Title                    = {Compound Figure Separation Combining Edge and Band Separator Detection},
Author                   = {Taschwer, Mario and Marques, Oge},
Booktitle                = {MultiMedia Modeling},
Publisher                = {Springer International Publishing},
Year                     = {2016},
Editor                   = {Tian, Qi and Sebe, Nicu and Qi, Guo-Jun and Huet, Benoit and Hong, Richang and Liu, Xueliang},
Pages                    = {162--173},
Series                   = {Lecture Notes in Computer Science},
Volume                   = {9516},

Doi                      = {10.1007/978-3-319-27671-7_14},
ISBN                     = {978-3-319-27670-0}

We propose an image processing algorithm to automatically separate compound figures appearing in scientific articles.
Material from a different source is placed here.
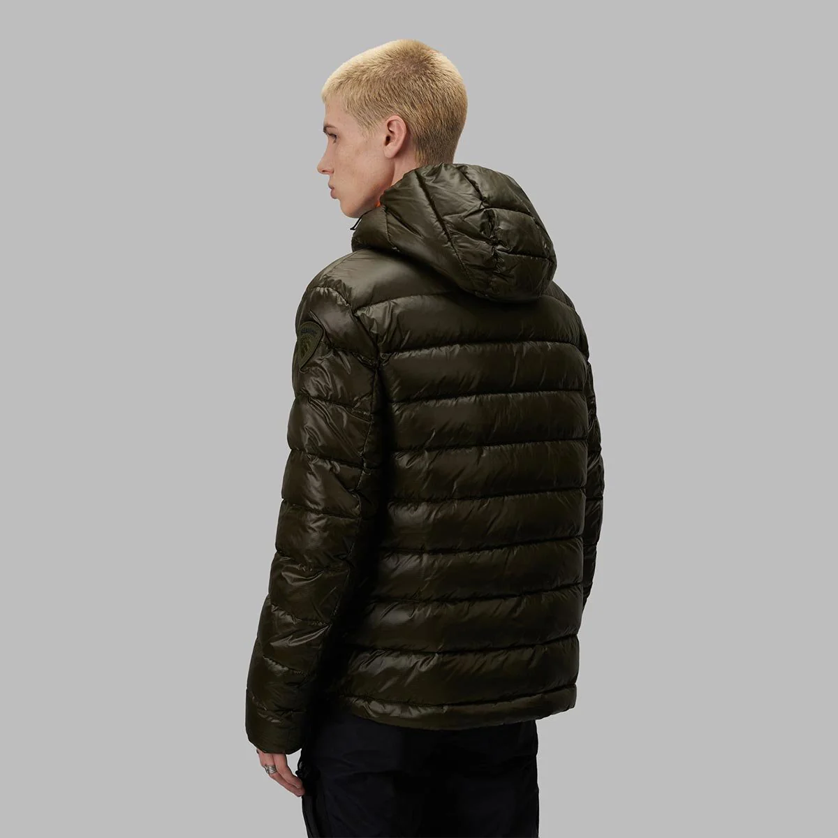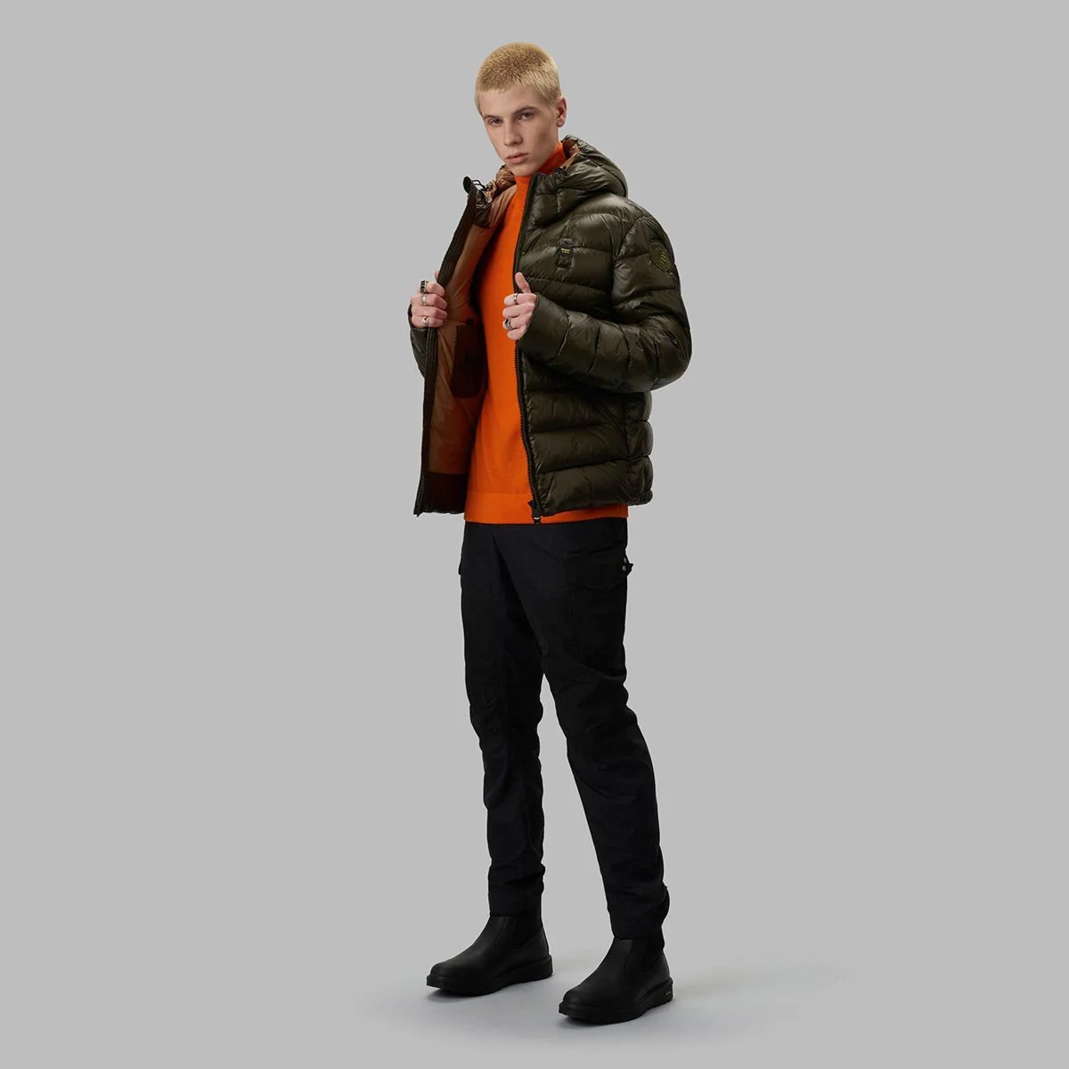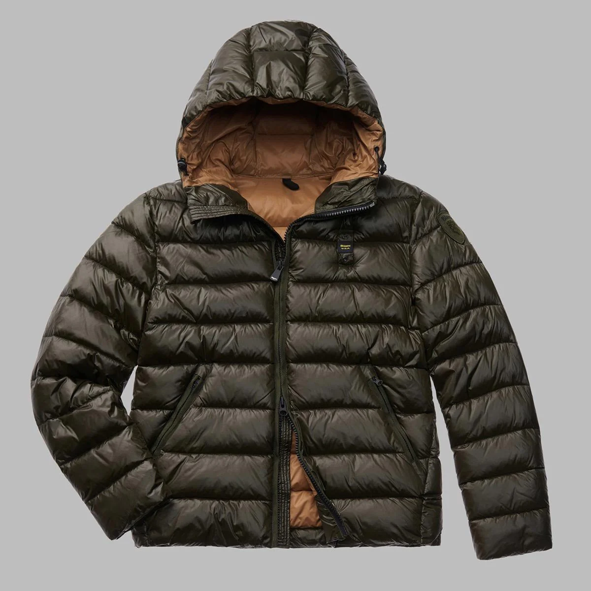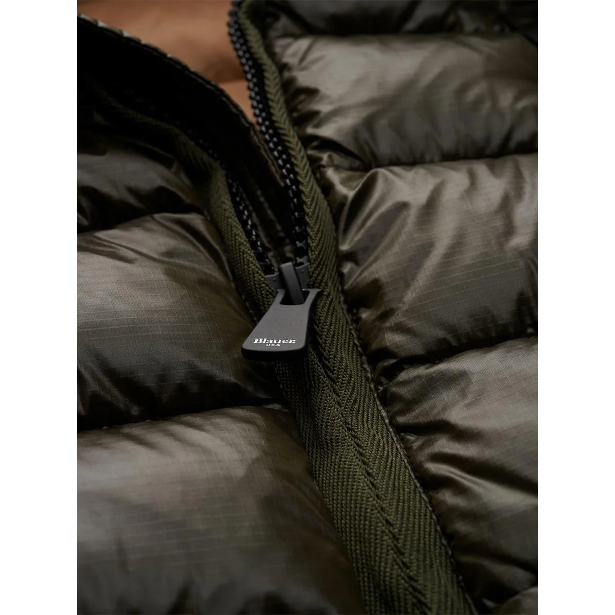 Piumino in nylon micro-rip con leggero motivo check e cappuccio fisso.Imbottitura Sorona® Aura by Dupont® parzialmente a base vegetale, con impuntura a righe orizzontali, lavabile e inodore, confortevole, calda e che mantiene la forma nel tempo.Fodera interna del cappuccio e del capo in contrasto colore.Chiusura centrale con zip doppio cursore nascosta da fettuccia a spina di pesce in tono, copri cursore sul collo e para zip interna.Due tasche sul davanti con zip obliqua nascoste da fettuccia a spina di pesce nel profilo e copri cursore.Due tasche interne, una con zip e l’altra con velcro.Coulisse con tubolare elastico sul cappuccio e sul fondo del capo.Caratteristico passante Blauer in tono cucito sul petto a sinistra e patch in tono sulla manica sinistra.

We classify compound images into two classes and apply different algorithms for detecting vertical and horizontal separators to each class: the edge-based algorithm aims at detecting visible edges between subfigures, whereas the band-based algorithm tries to detect whitespace separating subfigures (separator bands). The proposed algorithm has been evaluated on two recent datasets for compound figure separation (CFS) in the biomedical domain and achieves a slightly better detection accuracy than state-of-the-art approaches. Conducted experiments investigate CFS effectiveness and classification accuracy of various classifier implementations.